LAOAG CITY—The National Renewable Energy Board has proposed a lower subsidy rate on new solar energy projects.

NREB vice chairman Ernesto Pantangco told reporters the board was looking at a feed-in tariff rate of below P9.10 per kilowatt-hour for the additional 450-megawatt solar installation.

FIT, the fixed cost that would be paid out by consumers for renewable energy such as solar, is higher than the average power generation rate.

“There was a hearing on the solar FIT phase two. Clearly, there seems to be a very strong resistance, I can’t say from whom, because the current thinking of some developers is that either P9.68 or P9.10. The P9.10 is the floor price,” Pantangco said.

The Energy Regulatory Commission is conducting hearings on the appropriate feed-in tariff rate for the 450-MW additional installation for solar projects.  The additional capacity, which was already approved by the Energy Department, will bring the solar installation to 500 MW from the approved 50 MW.  NREB is the implementing agency of the Renewable Energy Act of 2008.

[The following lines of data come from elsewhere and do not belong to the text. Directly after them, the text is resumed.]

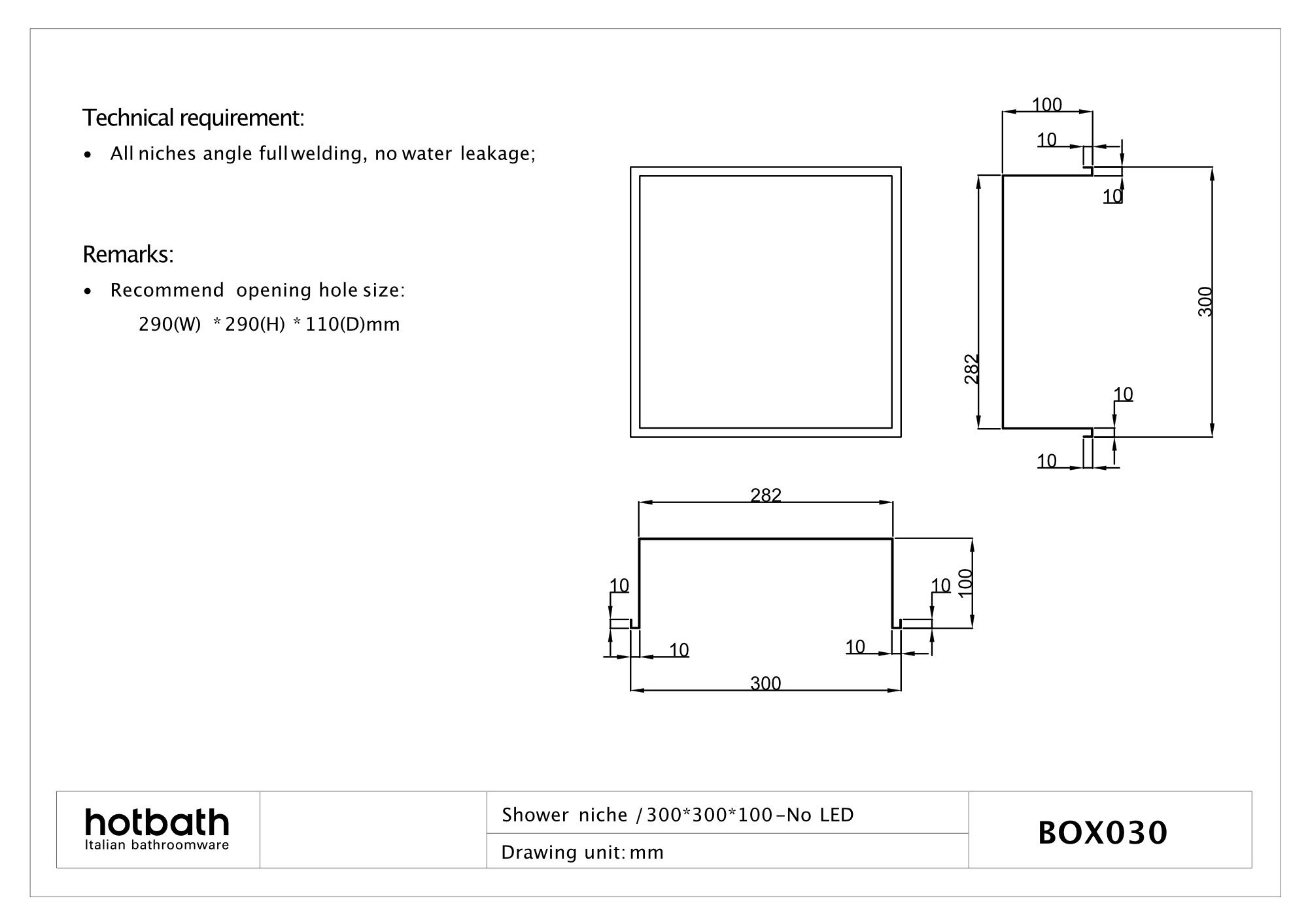 Met de Hotbath &More inbouwnis geeft u uw badkamer een stijlvolle en praktische upgrade. Deze inbouwnis, met zijn royale afmetingen van 30x30x10cm, biedt voldoende ruimte voor al uw douchebenodigdheden.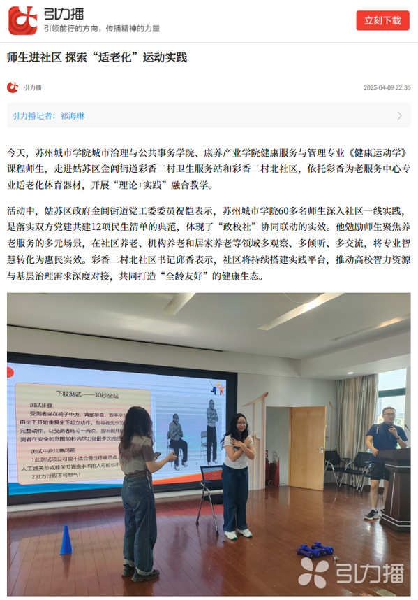 今天,苏州城市学院城市治理与公共事务学院、康养产业学院健康服务与管理专业《健康运动学》课程师生,走进姑苏区金阊街道彩香二村卫生服务站和彩香二村北社区,依托彩香为老服务中心专业适老化体育器材,开展“理论 实践”融合教学。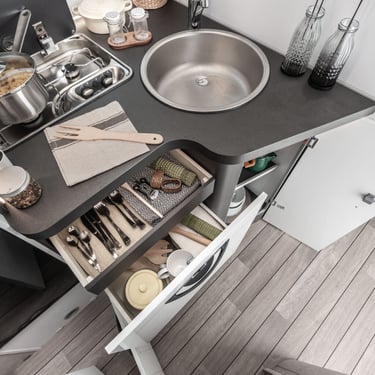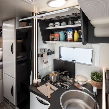 Gătitul este o adevărată plăcere în vehiculele din Seria 300! Zona de gătit cu două arzătoare utilizează optim spațiul, oferind un spațiu amplu de lucru și depozitare în bucătărie pentru pregătirea vaselor sau pentru depozitarea convenabilă a tocătoarelor, recipientelor și a altor accesorii. Efectul Fenix conferă blatului de lucru din bucătărie o eleganță modernă și o durabilitate extraordinară, transformând fiecare experiență culinară într-o plăcere atemporală.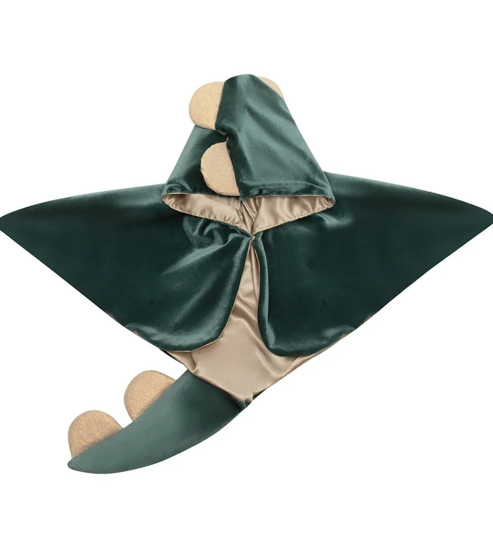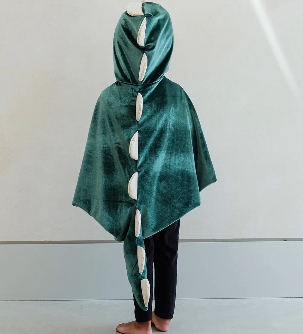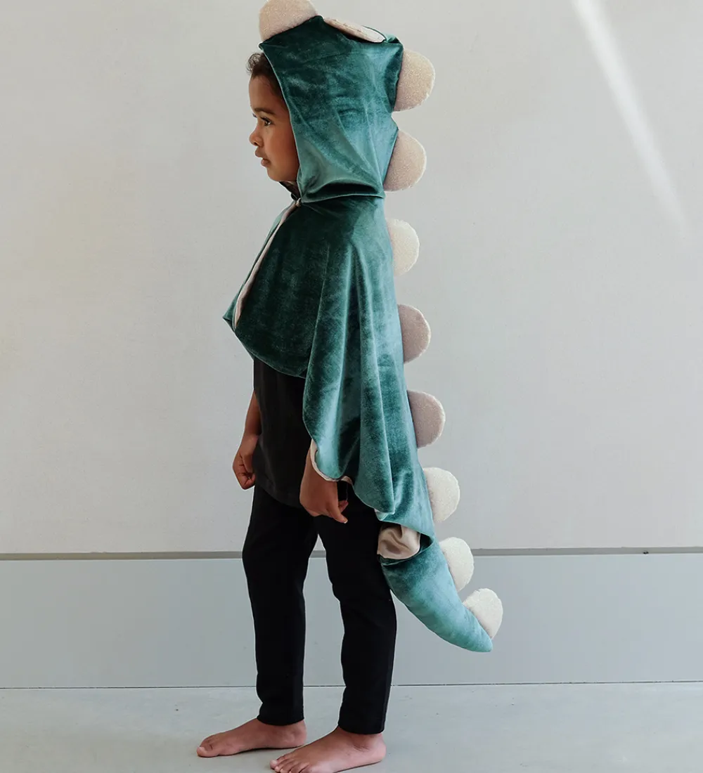 Sød Mimi & Lula kappe, der er en venlig dino-udklædning, i mørkegrøn velour og guldglimmer.

The ERC earlier approved FIT rates as follows: run of the river hydro (P5.90 per kWh); biomass (P6.63 per kWh ); wind (P8.53 per kWh); and solar (P9.68 per kWh).

Pantangco said that during deliberations on the new feed-in tariff rates for additional capacity, there was a resistance from groups on reducing the FIT rate.

“The challenge now is for us to determine what will be a mutually acceptable feed in tariff. It came out, we presented, in the last hearing with the ERC that maybe something below P9.10 per kWh,” he said.

“We did mention a price of maybe something that could be considered by the developers and ERC in their deliberations, of something like P8.95 per kWh,” Pangtangco said.

He said NREB was working with several groups on the appropriate rate.

Pantangco said that if the P9.10 per kWh rate was imposed, the installation target might even exceed 500 megawatts over a two-year period “which is also bad for the FIT-Allowance so it’s got to be something lower.”